Return every line below as is, leaving out the pictures.

• **Input records**
>>>
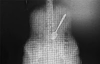 Uma mulher engoliu, sem querer, uma colher de 15 centímetros de comprimento ao comer macarrão instantâneo. Ela precisou ser levada para um hospital em Yangzhou, província de Jiangsu, na China, para extrair o objeto. Os médicos tentaram retirar a colher usando um instrumento médico longo para ‘pescá-lo’ a partir de seu estômago. Em casos semelhantes, o procedimento foi feito em apenas alguns minutos, mas, desta vez, os médicos tiveram dificuldade, devido ao posicionamento do utensílio. Felizmente, após duas horas, eles conseguiram retirar com cuidado a colher de seu estômago, sem qualquer dano interno. A mulher disse que a colher escorregou por sua garganta enquanto ela tentava, aparentemente, sugar uma porção de macarrão, que havia preparado para seu almoço. A equipe do hospital pareceu não acreditar na história da ingestão acidental da colher, acreditando que ela seria muito grande para ter passado por sua garganta. Quando questionada, Wang se recusou a entrar em detalhes sobre como exatamente a colher foi parar lá. (IBahia)
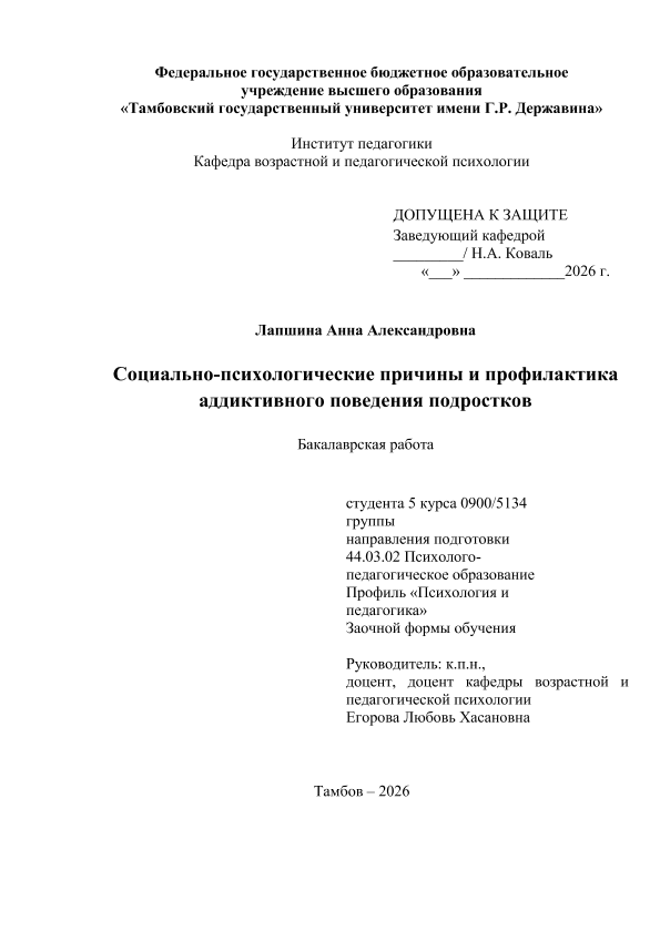 ЛАПШИНА, АННА АЛЕКСАНДРОВНА. СОЦИАЛЬНО-ПСИХОЛОГИЧЕСКИЕ ПРИЧИНЫ И ПРОФИЛАКТИКА АДДИКТИВНОГО ПОВЕДЕНИЯ ПОДРОСТКОВ [Электронный ресурс]: бакалаврская работа: 44.03.02 Психолого-педагогическое образование: Педагогика и психология: Заочная форма обучения / А. А. ЛАПШИНА; ТГУ им. Г. Р. Державина ; науч. рук. к. пед. н., доцент, Л. Х. Егорова. — Электрон. текстовые дан. (1 файл). — Тамбов, 2026. — Загл. с титул. экрана. — <URL:https://elibrary.tsutmb.ru/dl/docs/vkr18783.pdf>.
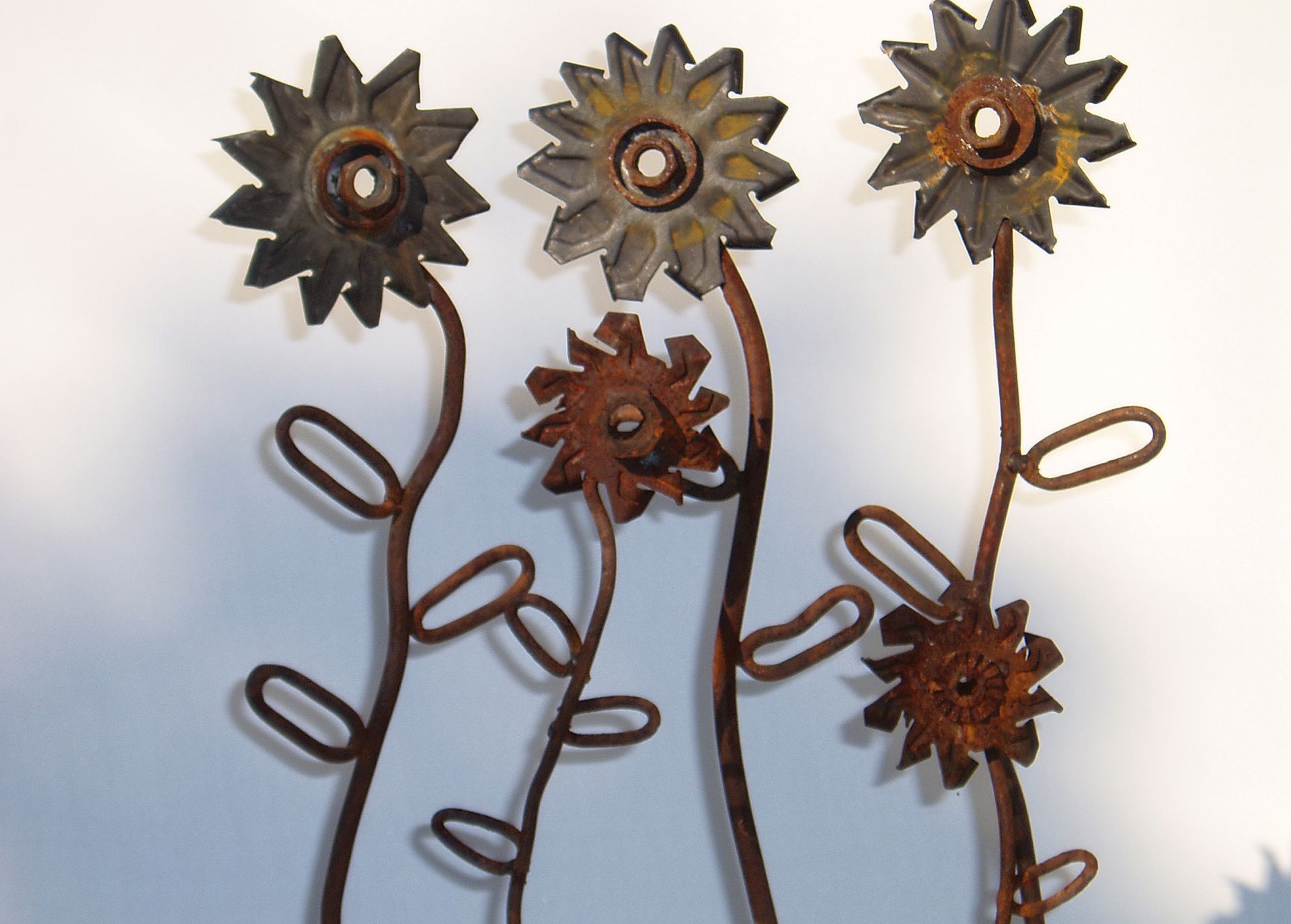 Für meine Stahlskulpturen verwende ich landwirtschaftlich und industriell lang benutzte Teile aus Stahl. Dabei ist mir wichtig den alten Formen eine neue veränderte Bedeutung und Ästhetik zu verleihen.
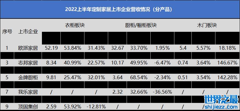 相比之下,厨柜/橱柜板块的业务收入均表现不佳。在7家涉猎厨柜/橱柜业务的定企中,仅两家实现营收增长,其余均下跌。其中,欧派家居的橱柜板块上半年营收仅同比增长1.95%,我乐家居同比下滑36.56%,皮阿诺同比下滑47.17%。
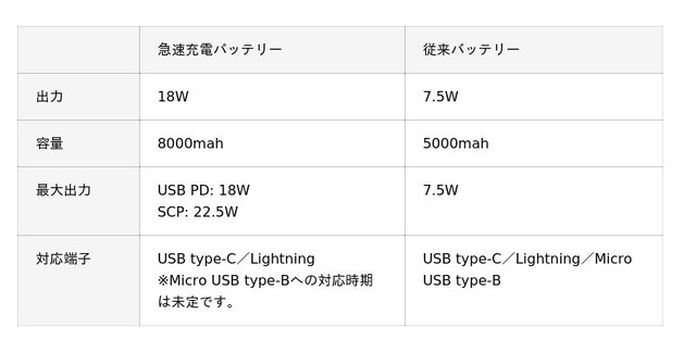 - バッテリーの仕様について:このたび展開する予定のバッテリーは、Type-C、Lightningの2端子に対応いたします。Type-Bにも対応した3端子タイプも今後展開を予定していますが、時期は未定です。
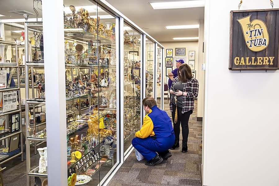 The Collection contains over 2,000+ tuba figurines and assorted tuba collectibles and 100+ tuba oriented art works and items of historical interest pertaining to Professor Morris and the first 50-year history of the Tennessee Tech Tuba Ensemble. The displays of the collection are in three basic categories:
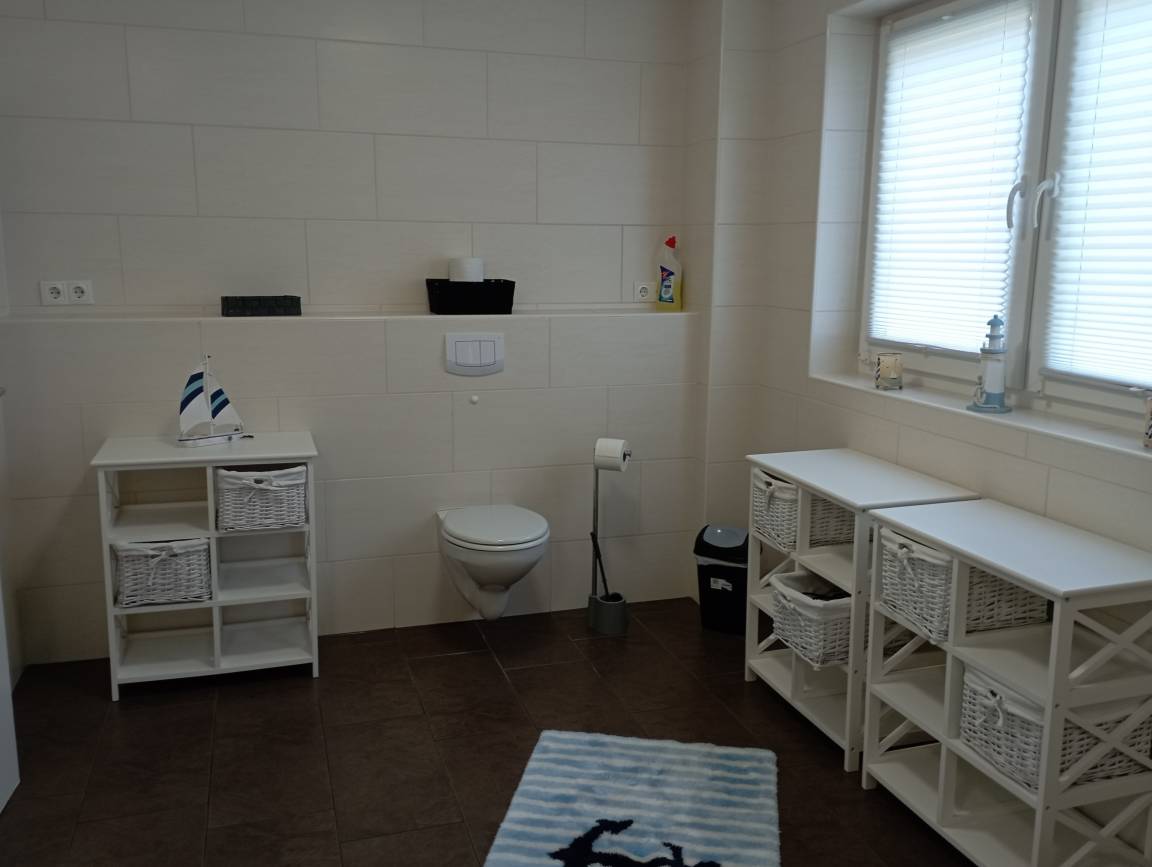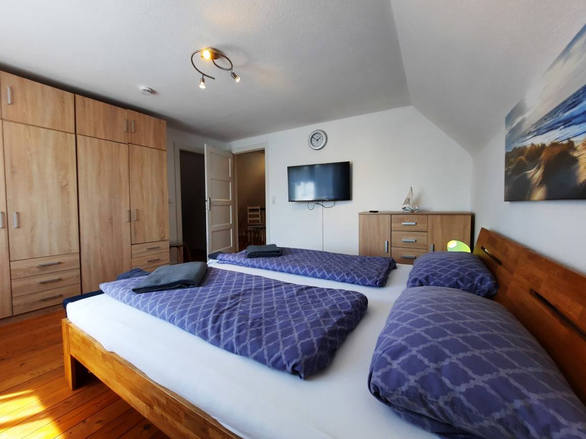 Das Ferienhaus verfügt über vier Schlafzimmer und zwei voll ausgestattete Badezimmer. Im Erdgeschoss befindet sich ein Schlafzimmer für zwei Personen, das wahlweise mit einem Doppelbett oder zwei Einzelbetten eingerichtet werden kann. Ebenso befindet sich im Erdgeschoss ein barrierearmes Duschbad, das auch für Gäste mit eingeschränkter Mobilität geeignet ist. Im Obergeschoss liegen drei weitere Schlafzimmer. Ein Zimmer ist für zwei Personen vorgesehen, zwei weitere Zimmer bieten Platz für jeweils drei Personen. Alle Betten können je nach Wunsch als Einzel- oder Doppelbetten gestellt werden. Die gewünschte Konfiguration kann im Vorfeld mit dem Gastgeber abgestimmt werden.
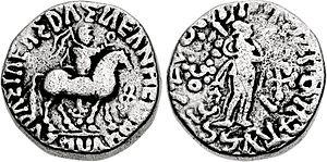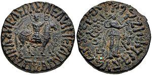 The coinage shows the king on a horse, holding a whip in his right hand, in a style consistent with that of Azes II (who possibly is identical with Azes I). On the reverse, Athena makes a benediction gesture, and is flanked by a Buddhist triratna symbol.
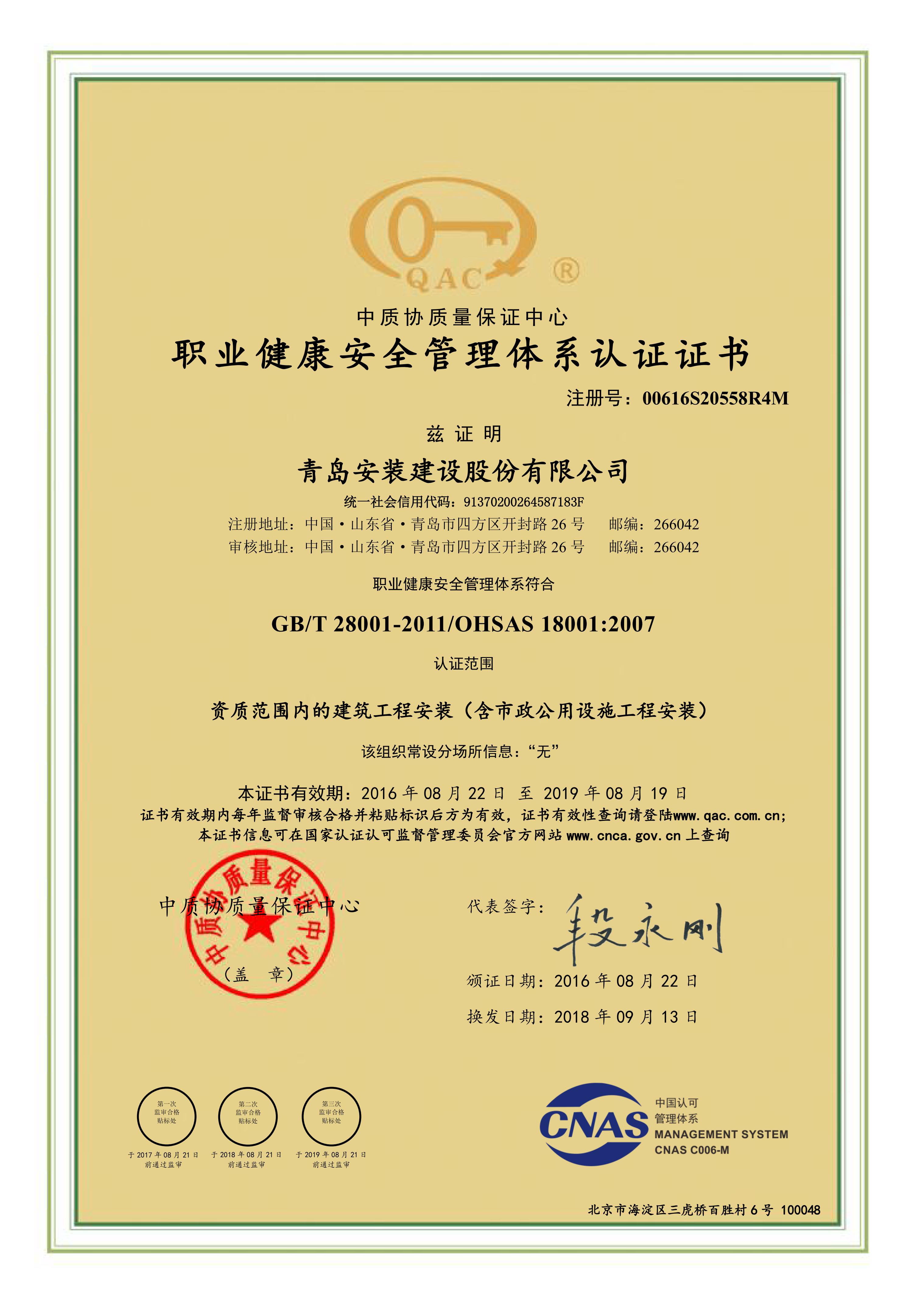 職業健康安全管理體系認證證書
<<<
• **Answer area**
 Uma mulher engoliu, sem querer, uma colher de 15 centímetros de comprimento ao comer macarrão instantâneo. Ela precisou ser levada para um hospital em Yangzhou, província de Jiangsu, na China, para extrair o objeto. Os médicos tentaram retirar a colher usando um instrumento médico longo para ‘pescá-lo’ a partir de seu estômago. Em casos semelhantes, o procedimento foi feito em apenas alguns minutos, mas, desta vez, os médicos tiveram dificuldade, devido ao posicionamento do utensílio. Felizmente, após duas horas, eles conseguiram retirar com cuidado a colher de seu estômago, sem qualquer dano interno. A mulher disse que a colher escorregou por sua garganta enquanto ela tentava, aparentemente, sugar uma porção de macarrão, que havia preparado para seu almoço. A equipe do hospital pareceu não acreditar na história da ingestão acidental da colher, acreditando que ela seria muito grande para ter passado por sua garganta. Quando questionada, Wang se recusou a entrar em detalhes sobre como exatamente a colher foi parar lá. (IBahia)
 ЛАПШИНА, АННА АЛЕКСАНДРОВНА. СОЦИАЛЬНО-ПСИХОЛОГИЧЕСКИЕ ПРИЧИНЫ И ПРОФИЛАКТИКА АДДИКТИВНОГО ПОВЕДЕНИЯ ПОДРОСТКОВ [Электронный ресурс]: бакалаврская работа: 44.03.02 Психолого-педагогическое образование: Педагогика и психология: Заочная форма обучения / А. А. ЛАПШИНА; ТГУ им. Г. Р. Державина ; науч. рук. к. пед. н., доцент, Л. Х. Егорова. — Электрон. текстовые дан. (1 файл). — Тамбов, 2026. — Загл. с титул. экрана. — <URL:https://elibrary.tsutmb.ru/dl/docs/vkr18783.pdf>.
 Für meine Stahlskulpturen verwende ich landwirtschaftlich und industriell lang benutzte Teile aus Stahl. Dabei ist mir wichtig den alten Formen eine neue veränderte Bedeutung und Ästhetik zu verleihen.
 相比之下,厨柜/橱柜板块的业务收入均表现不佳。在7家涉猎厨柜/橱柜业务的定企中,仅两家实现营收增长,其余均下跌。其中,欧派家居的橱柜板块上半年营收仅同比增长1.95%,我乐家居同比下滑36.56%,皮阿诺同比下滑47.17%。
 - バッテリーの仕様について:このたび展開する予定のバッテリーは、Type-C、Lightningの2端子に対応いたします。Type-Bにも対応した3端子タイプも今後展開を予定していますが、時期は未定です。
 The Collection contains over 2,000+ tuba figurines and assorted tuba collectibles and 100+ tuba oriented art works and items of historical interest pertaining to Professor Morris and the first 50-year history of the Tennessee Tech Tuba Ensemble. The displays of the collection are in three basic categories:
 Das Ferienhaus verfügt über vier Schlafzimmer und zwei voll ausgestattete Badezimmer. Im Erdgeschoss befindet sich ein Schlafzimmer für zwei Personen, das wahlweise mit einem Doppelbett oder zwei Einzelbetten eingerichtet werden kann. Ebenso befindet sich im Erdgeschoss ein barrierearmes Duschbad, das auch für Gäste mit eingeschränkter Mobilität geeignet ist. Im Obergeschoss liegen drei weitere Schlafzimmer. Ein Zimmer ist für zwei Personen vorgesehen, zwei weitere Zimmer bieten Platz für jeweils drei Personen. Alle Betten können je nach Wunsch als Einzel- oder Doppelbetten gestellt werden. Die gewünschte Konfiguration kann im Vorfeld mit dem Gastgeber abgestimmt werden.
 The coinage shows the king on a horse, holding a whip in his right hand, in a style consistent with that of Azes II (who possibly is identical with Azes I). On the reverse, Athena makes a benediction gesture, and is flanked by a Buddhist triratna symbol.
 職業健康安全管理體系認證證書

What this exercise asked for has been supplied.